Growing a garden is much more than just landscaping your home. A garden is a form of self-expression, it's an artistic endeavor, and it's an act that can bring inspiration to many other parts of your life. Recently, we've been reflecting on all the different ways that gardening can influence one's approach to living.
Growing a garden can help you eat better. Once you start growing some of your own food - veggies, fruit and herbs - an amazing thing often happens: you want to eat it! Barbara Kingsolver wrote a fantastic book, Animal, Vegetable, Miracle, that captures a year she and her family spent eating only food they grew or raised, or that was grown and raised locally. Her descriptions of the food they grew and the processes they went through to do so are incredibly beautiful, and you can really appreciate how the act of gardening and of farming really inspired a significant lifestyle shift for her entire family.
You don't need to run out and get a huge plot of farm land to make this happen. Growing just a few cool-season veggies (spinach, broccoli, eggplant and chard, just to name a few) in pots on your patio can be all the inspiration it takes to get you cooking more, eating healthier and feeling more connected in general.
Growing a garden can inspire you. When stuck on a certain aspect of work or an art-related project, I'll often go work in my own garden, trimming, pruning, cleaning, planting. There is something in that motion, in that act of creating, that really helps you work through other parts of your life where you might feel a bit "stuck." Gardening is a creative act, much like cooking and knitting and so many other activities that we take for granted. The process of designing a garden can seem intimidating, but really, it is no different than doing some sketching or painting in a worn notebook: Yes, a few pages might not turn out all that great, but you can always go back and fix it, change it up, add to it, or amend it. Nature is remarkably forgiving! Figuring out what plant will grow well next to other plants, playing with color, texture and shape, and even fragrances, is an incredibly creative process that can inspire and influence many other aspects of life.

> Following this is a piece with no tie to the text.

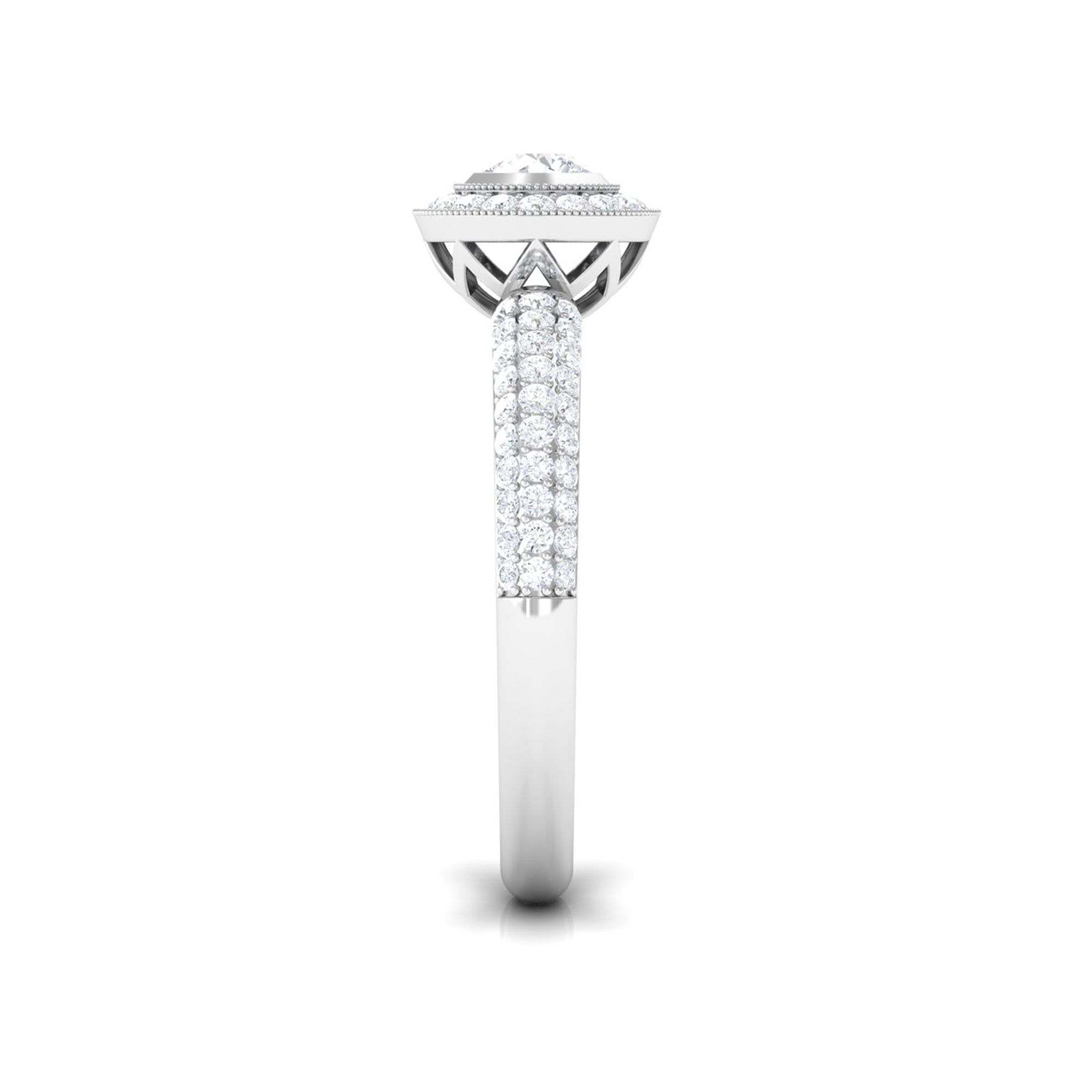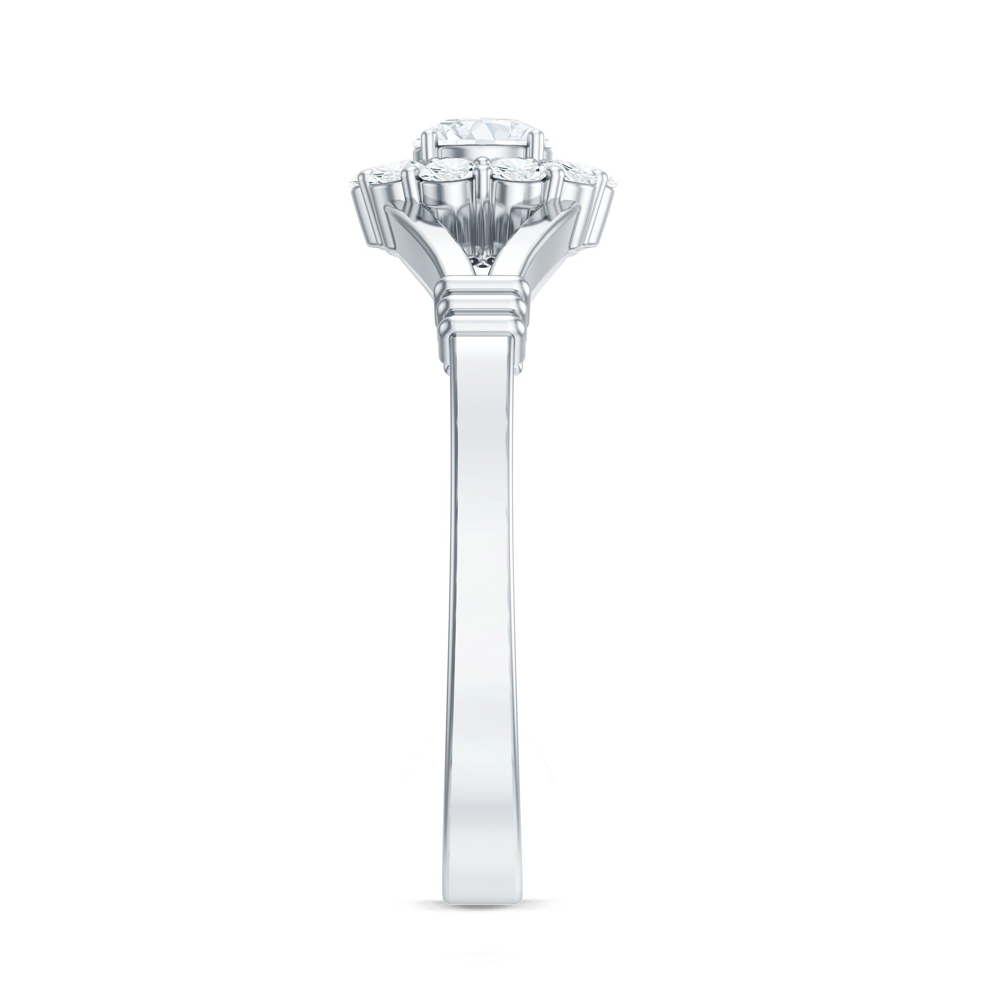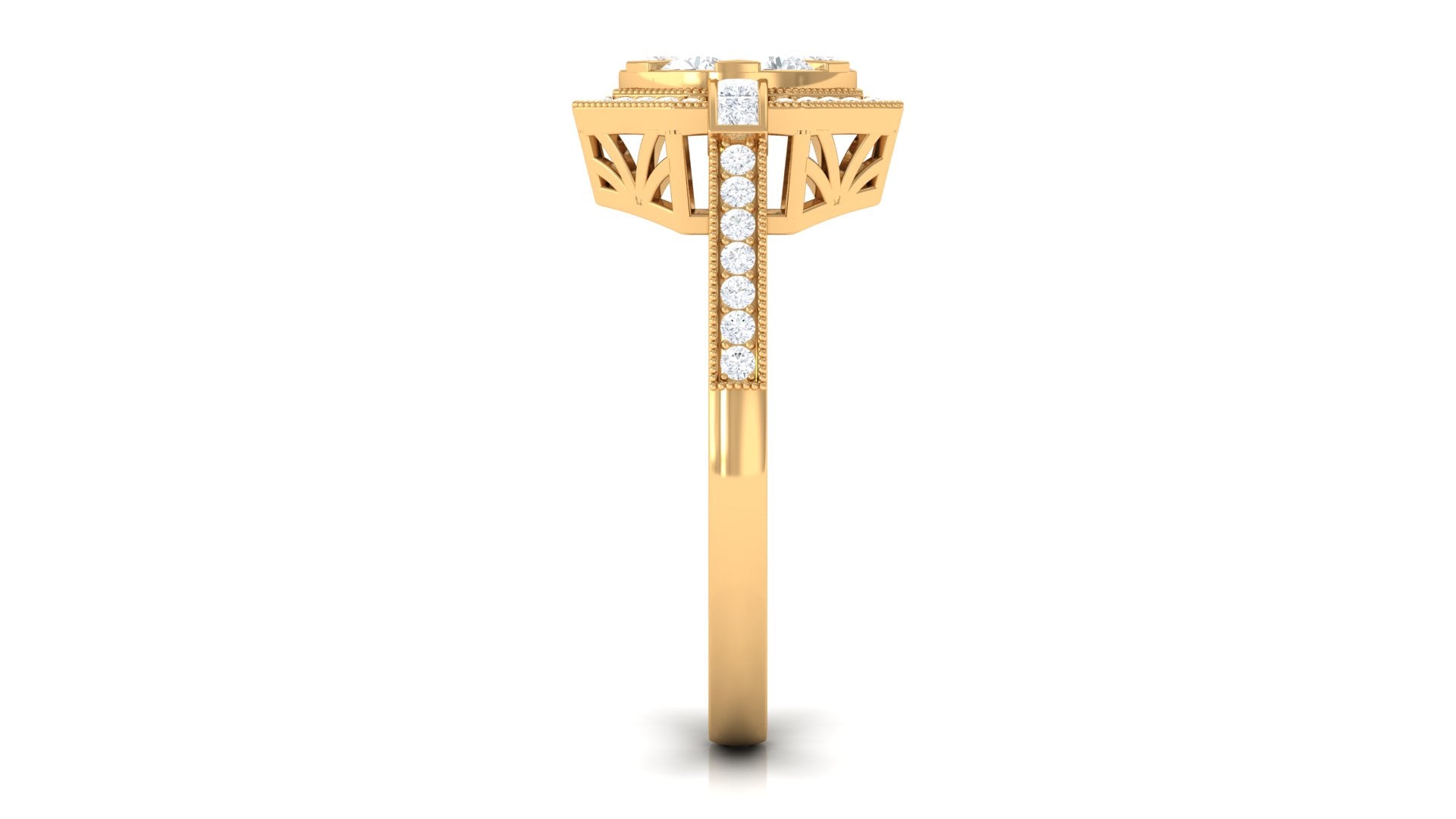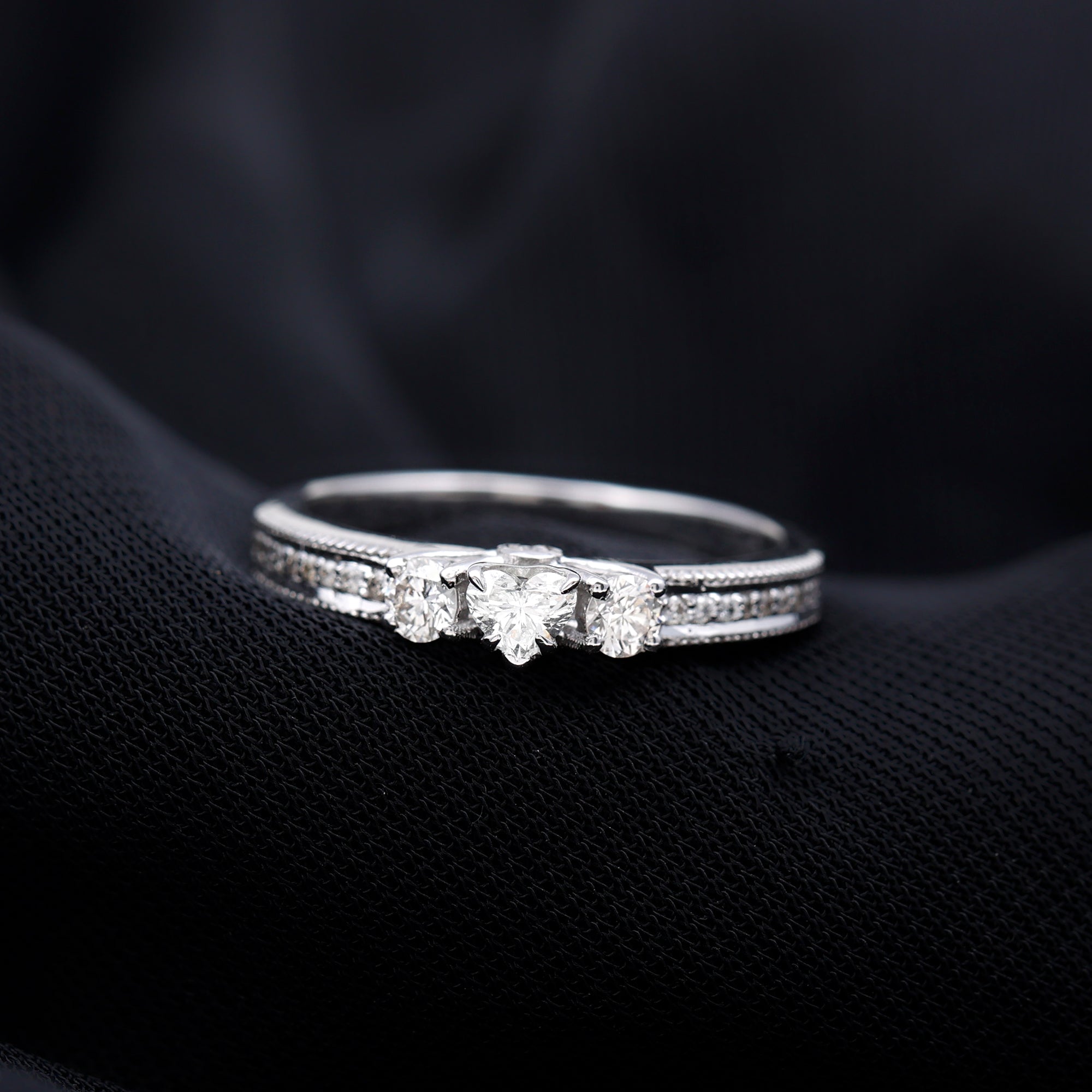 The ultimate expression of love, a Heart Diamond Engagement Ring appeals with its trendy, feminine, and romantic aesthetic. Most preferred in a solitaire, halo, and pave style, this shape is characterized by 56 and 58 facets and (interestingly) a pointy end that boasts a French tip (which greatly helps it exude more brilliance).

Growing a garden can lead to new hobbies. I was reading the blog of author Susan Tomlinson: TheBikeGarden.com. It's a fabulous blog centered around her garden, but is really more about her teaching, her cycling, her travels and her writing - all of which spring from what she creates in her garden. She has written a fantastic book, How to Keep a Naturalists Notebook, which is full of reflections and observations on nature, sketches and the like, all of which, again, came from this passion for gardens.
Recently, a friend and I were out on an early-morning bike ride on the path in Long Beach, when we encountered a large group of people standing together using cameras with telephoto lenses. We asked them what they were up to, and they excitedly told us about the rare seagull they were hoping to spot that morning. We were struck by the passion they had for what they were doing, and the appreciation they had for the beauty of this bird they seemed to covet. Bird watching might not be your thing, but there is something to be said about living a life with your eyes open, and noticing what happens all around you. Gardens are great places to figure out how to do that, as they change every day, with subtle hints given to those who look closely.
Often times, we overlook those opportunities that lie right before us. I like to apply this philosophy to my physical surroundings as well. What opportunities are in the ground, in little plots of land waiting to be planted, to act as a springboard for creativity, or to grow food or to inspire? Somewhere, we all have a garden that is waiting to be planted!
Brande Jackson is the owner of Johnnye Merle's Gardens, located in Country Roads in Old Town Orange. She is also an art teacher and offers classes on art, creativity and gardening.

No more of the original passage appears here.